14. The semiconductor memory device of claim 11, further comprising a third antifuse cell array to store defect information of the first antifuse cell array.

15. The semiconductor memory device of claim 14, wherein the defect information includes information related to at least one of the first through nth word lines or states of the antifuses in the first antifuse cell array.

16. An antifuse repair method of a semiconductor memory device comprising:

providing a first antifuse cell array including a first plurality of antifuses arranged in a first direction and sharing an operation control circuit, and the first plurality of antifuses connecting first through nth word lines, each one of the first through nth word lines extending in a second direction perpendicular to the first direction, wherein n is a natural number and greater than 1;

providing a second antifuse cell array including a second plurality of antifuses sharing a spare word line in the second direction and sharing the operation control circuit in the first direction with the first plurality of antifuses;

providing a third antifuse cell array for storing defect information of antifuses of the first antifuse cell array;

comparing a row address being applied to the information stored in the third antifuse cell array; and

inactivating a word line of a failed antifuse of the first plurality of antifuses and activating a spare word line of antifuse of the second plurality of antifuses when the row address coincides with the information stored in the third antifuse cell array.

17. The antifuse repair method of claim 16, further comprising storing information related to an operation of semiconductor memory device in the third antifuse cell array.
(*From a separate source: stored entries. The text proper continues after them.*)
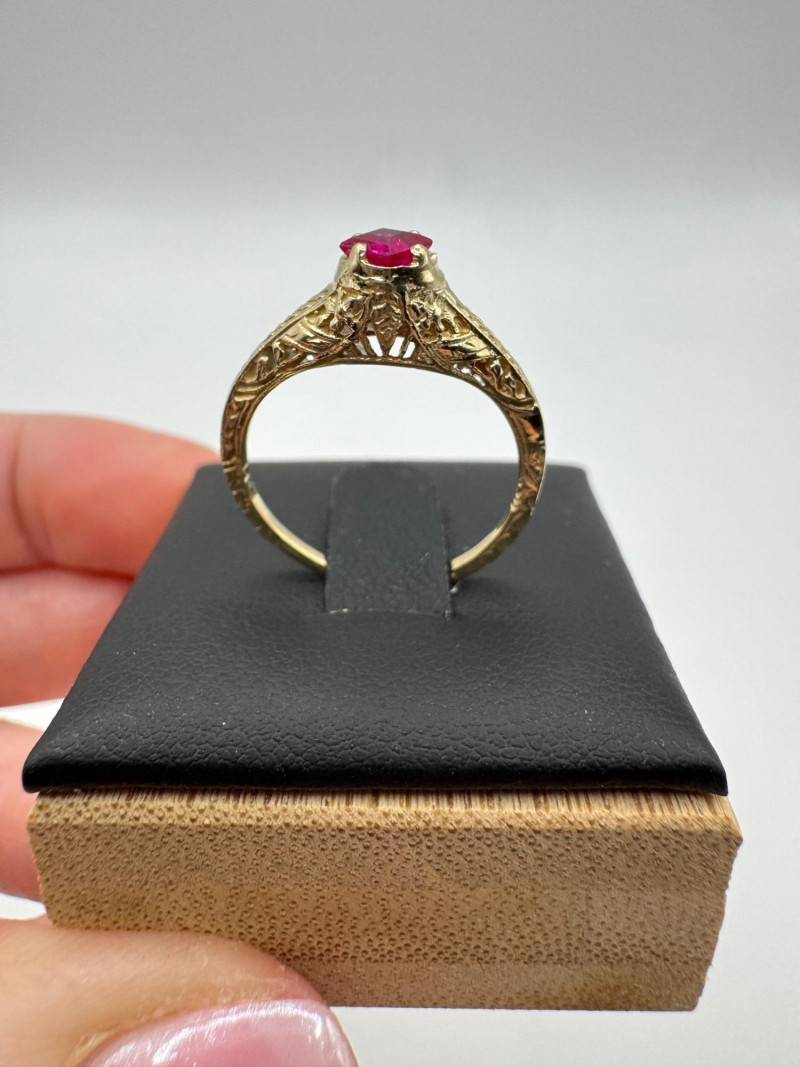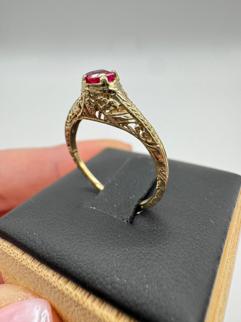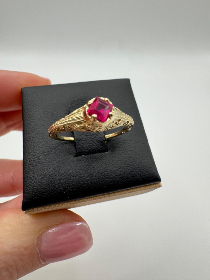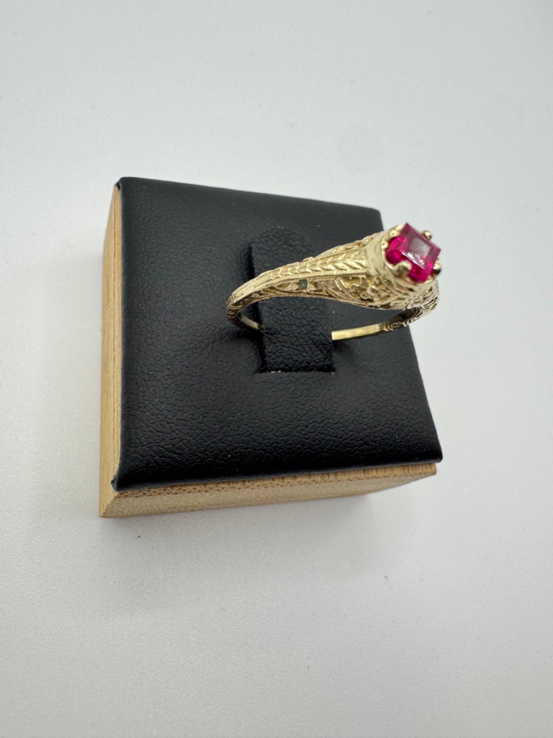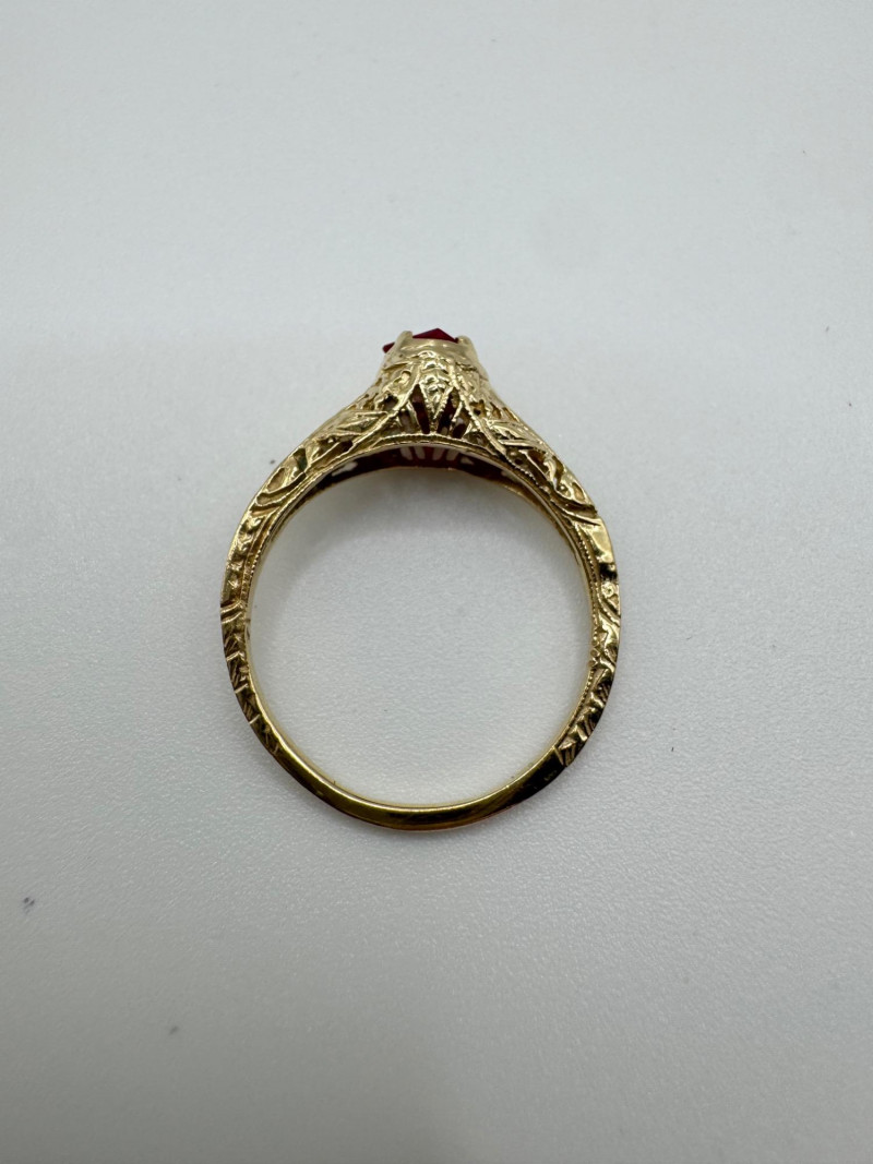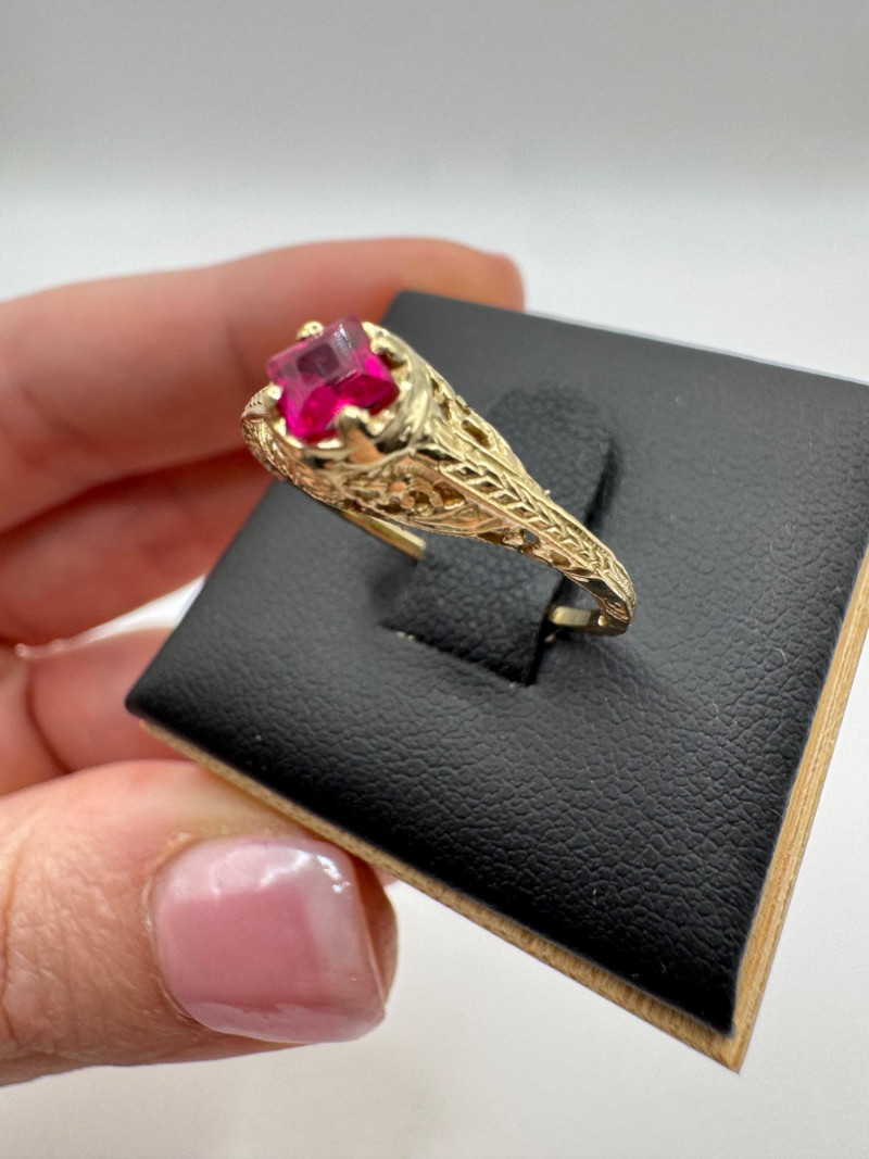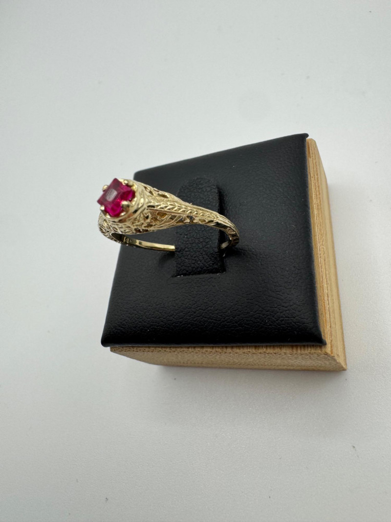 Lot # 26 - 14k Vintage Filigree Ring w/ Square-Cut Ruby Stone, 1.93g
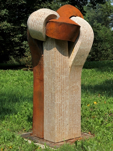 Tag: prato, bicolore, scultura, erba, verde, scritte, monumento, legno, statua, arte, nodo, alberi.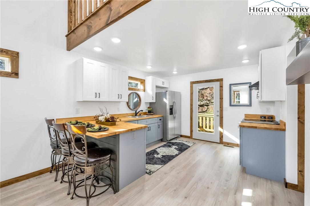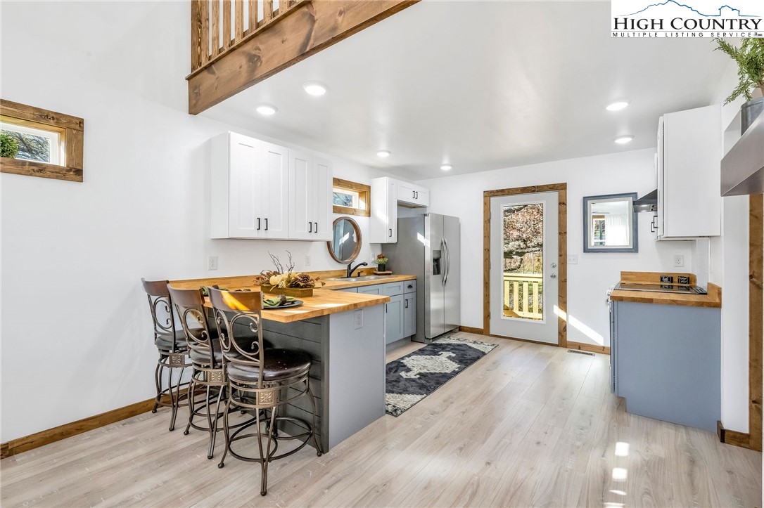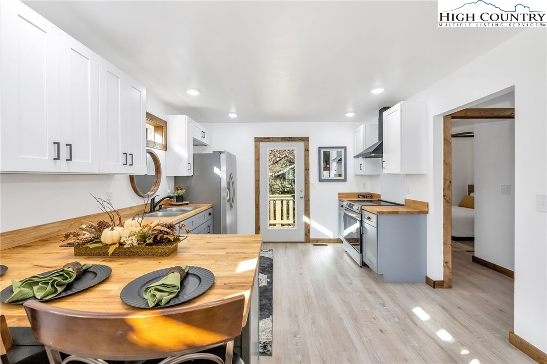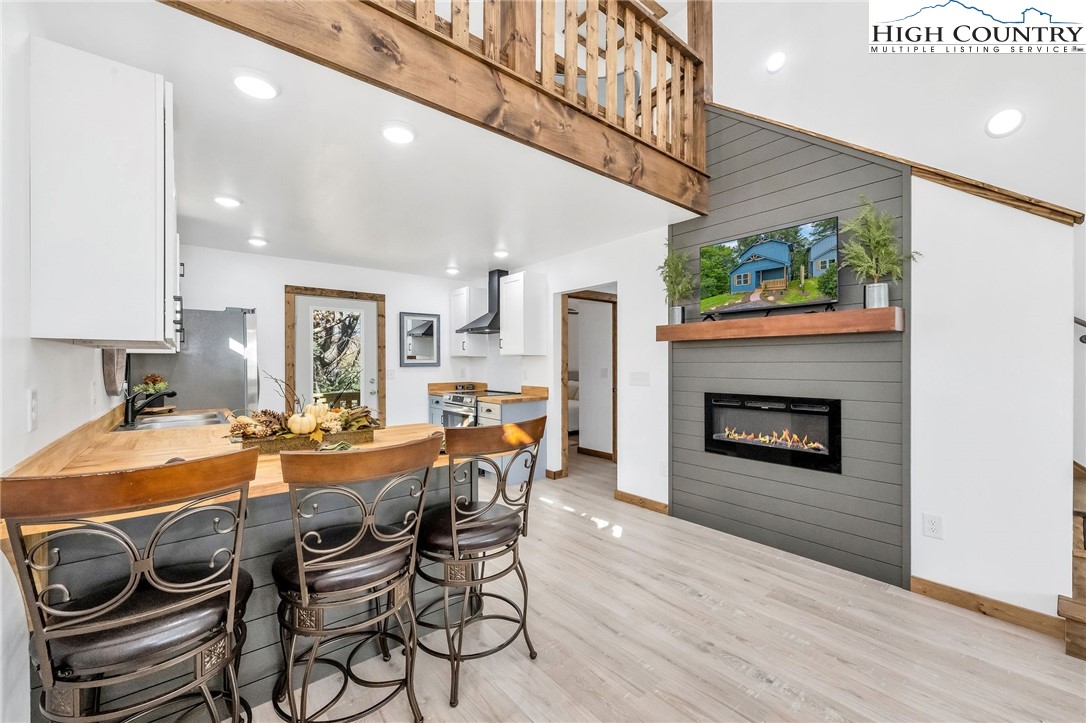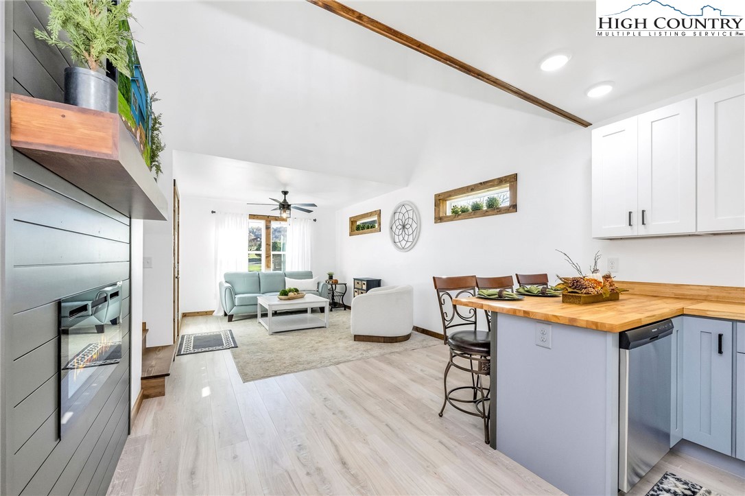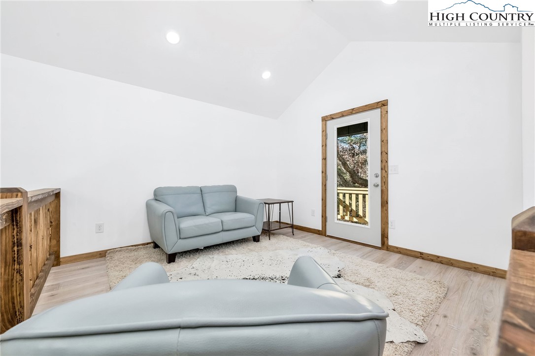 PRICE REDUCTION AND NOW SOLD FURNISHED! Brand-new construction just minutes from downtown West Jefferson! This charming cottage-style home is set in a unique community where homes are close-knit, yet surrounded by spacious open common areas—perfect for kids, pets, or simply enjoying the outdoors. Suitable for one, two, or even a small family, it’s built with quality craftsmanship and covered by a one-year builder’s warranty. Exterior highlights include LP SmartSide board-and-batten siding, a stone foundation, and durable LVP flooring throughout. The main level offers an open floor plan with a soaring vaulted ceiling in the living area, a sleek electric fireplace, and a kitchen with shaker-style cabinetry, butcher block countertops, and stainless steel appliances. You’ll also find a bedroom, full bath, laundry area, and covered porches on both the front and rear. Upstairs, an open loft—perfect for a home office or sitting area—opens to a covered deck and adjoins a second bedroom featuring a walk-in closet and full bath. The primary bedroom can be on either level, offering flexible living options. Conveniently located only 5.4 miles from West Jefferson, a vibrant mountain town filled with locally owned shops, boutiques, restaurants, and year-round events. The New River winds through the county, offering endless opportunities for fishing, canoeing, and kayaking. Just 20 miles to Boone. All furniture & furnishings will be included.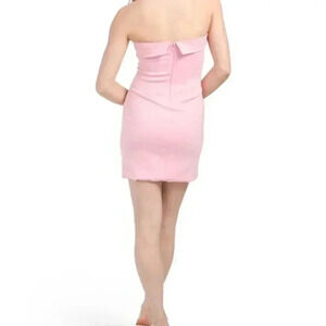 Strapless Fold Over Top Mini Dress (Color: Barbie Pink)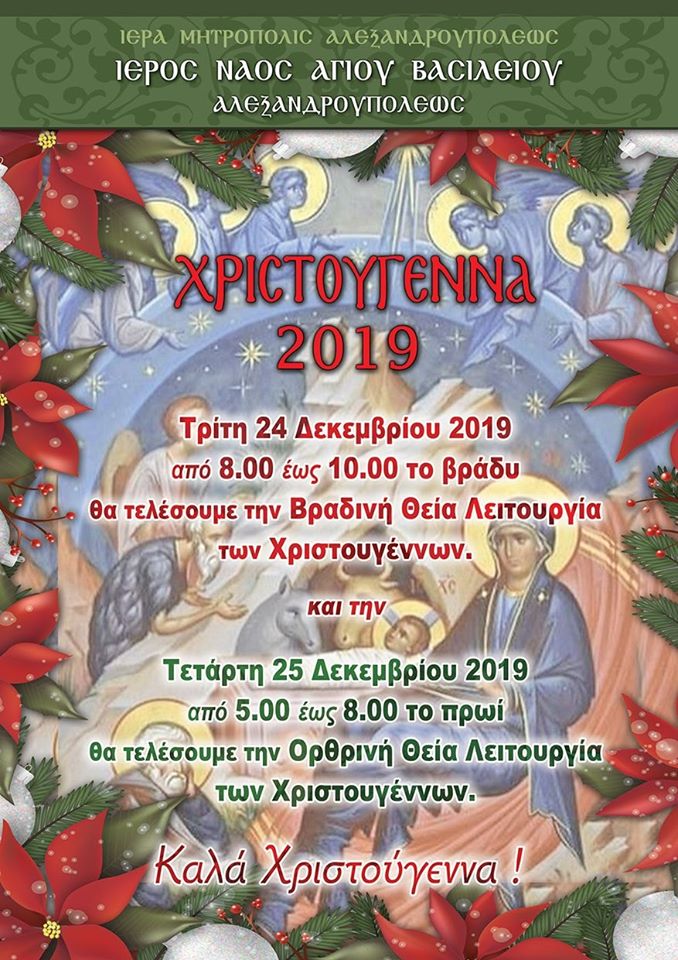 Ο Ιερός Ναός Αγίου Βασιλείου Αλεξανδρούπολης θα τελέσει βραδινή θεία λειτουργία στις 24 Δεκεμβρίου από τις 20:00 έως τις 22:30 το βράδυ για όσους δεν μπορούν να παρευρεθούν την ημέρα των Χριστουγέννων.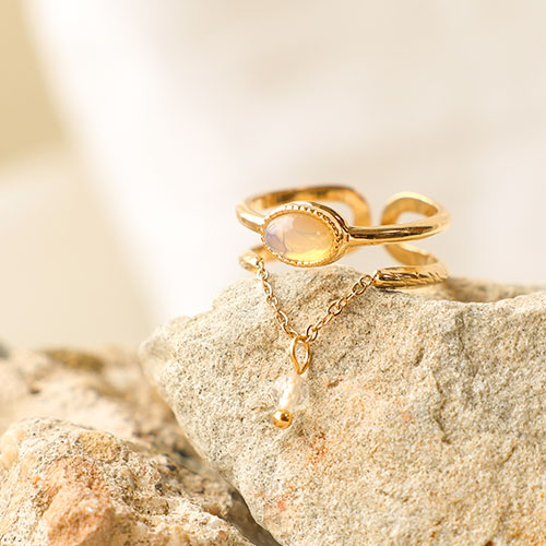• Roestvrij stalen (RVS) Stainless steel ringen met natuursteen Gold-off white-white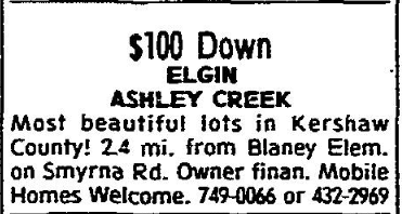 Most beautiful Lots in Kershaw County! 2.4 mi. from Blaney Elem. on Smyrna Rd. Owner finan. Mobile Homes Welcomed. 749-006 or 432-2969.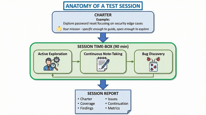 A session is the atomic unit of SBTM. Understanding its structure is essential.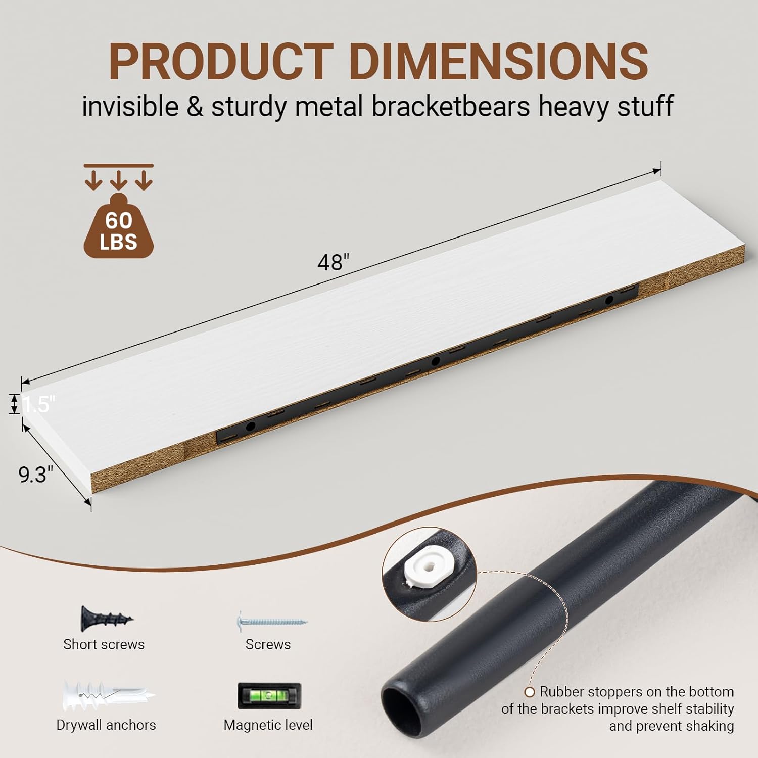 - ăLonger DesignăOur pretty white floating shelves for wall are 48"W x 9.3"D x 1.5"H.Our wall shelf is longer than traditional designs and can hold more items.The white floating shelf optimize wall space,helping organize essentials without taking up floor space in your home.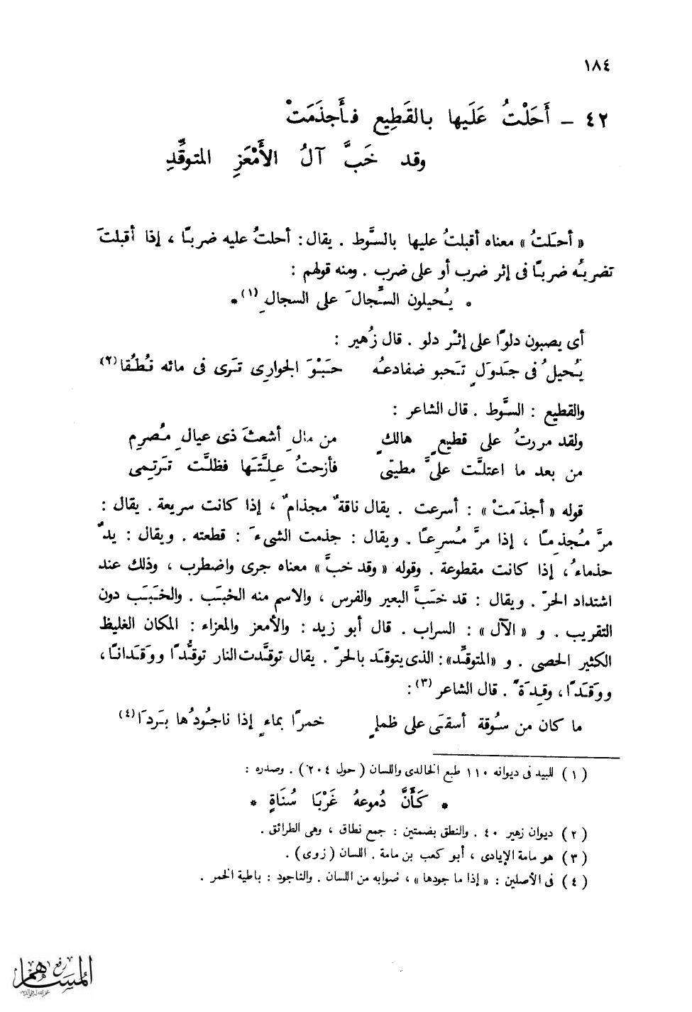 (أَحَلْتُ عَلَيها بالقَطِيع فأَجذمَتْ ... وقد خَبَّ آلُ الأَمْعَزِ المتوقِّدِ)

18. The antifuse repair method of claim 16, further comprising activating a selected word line of the first antifuse array without activating spare word lines if the row address does not coincide with the information stored in the third antifuse cell array.

19. The antifuse repair method of claim 16, wherein the semiconductor memory device is a dynamic random access memory including a mode register set circuit setting an operation mode for programming an antifuse cell array.

20. The antifuse repair method of claim 16, wherein the stored information in the third antifuse cell array includes information related to a defective word line of the first antifuse cell array.